And the students, who were pretty quiescent a couple of years ago. are apparently quite radical and organized now. The schools were all closed down last spring. I don't know if they've opened yet; I doubt it. There's a tremendous amount of student action. There are war veterans demonstrations. There's no doubt that the NLF is very active there. A CIA report issued a couple of weeks ago said that the NLF has about 30,000 agents in the government. Probably something like that is right.
So they've sort of driven the population into these urban centers where they're supposed to be controlled, but then that raises the question of whether they can do anything with this chaos they have created or whether it will explode in the urban centers- which may very well happen.
To what extent do you think people like Sam Huntington are responsible for the policy of driving people into the urban centers?
I don't know any reason to think that they're responsible- I think he's commented on it accurately. Nobody can know from the outside just what policy-making function these people have.
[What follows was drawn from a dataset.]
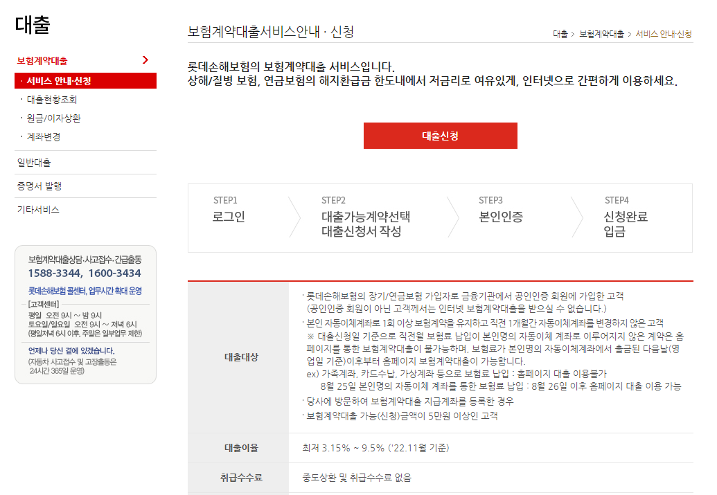 롯데손해보험 보험 약관(계약) 대출 신청하는곳 바로가기
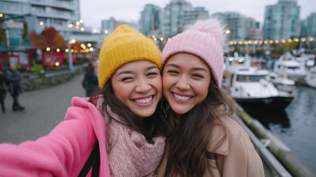 Friends enjoy a cheerful day by the waterfront in Vancouver, sharing smiles and warmth during winter

They claim that they're just doing research, but I've read the minutes of one meeting of the Vietnam Studies Committee of SEADAG [Southeast Asia Development Advisory Group], the thing that Huntington headed, which purports to be just a scholarly outfit where people come do research on Southeast Asia.
But the minutes of the meeting I read were all concerned with how to deal with the situation I just described- that is. if the United States is driven into elections, how they can manage to control them or manipulate them, given the fact that the NLF is the most powerful politically-organized force in the country which everybody concedes.
He has a paper which he presented to this meeting- it's an interesting paper- a study of how to manipulate, cheat, and coerce in such a way that you can win the elections even though you don't have any popular force on your side, and the minutes of the meeting are really quite amusing. Most of the people are sort of skeptical whether we can do it and they suggest other ways.
So I don't know- there are government representatives present at these meetings and they clearly have a policy-making orientation. Whether that has any effect on policy I can't judge.
Do you think the U.S. has finally found a counterinsurgency strategy that they think will work, that they think they can use everywhere? There used to be theorizing about such things as counter-guerilla groups, now they have this theory of just bombing the hell out of everything.
This is obviously an outsider's impression- I have no access to anything but public documents- but reading the reports of the Senate hearings and other things of that sort you get the impression that everyone agrees that Vietnam has been a disaster.
They say you can't learn anything from it except not to do it that way, but that Laos has been very successful, and that that ought to be the kind of model that we ought to follow.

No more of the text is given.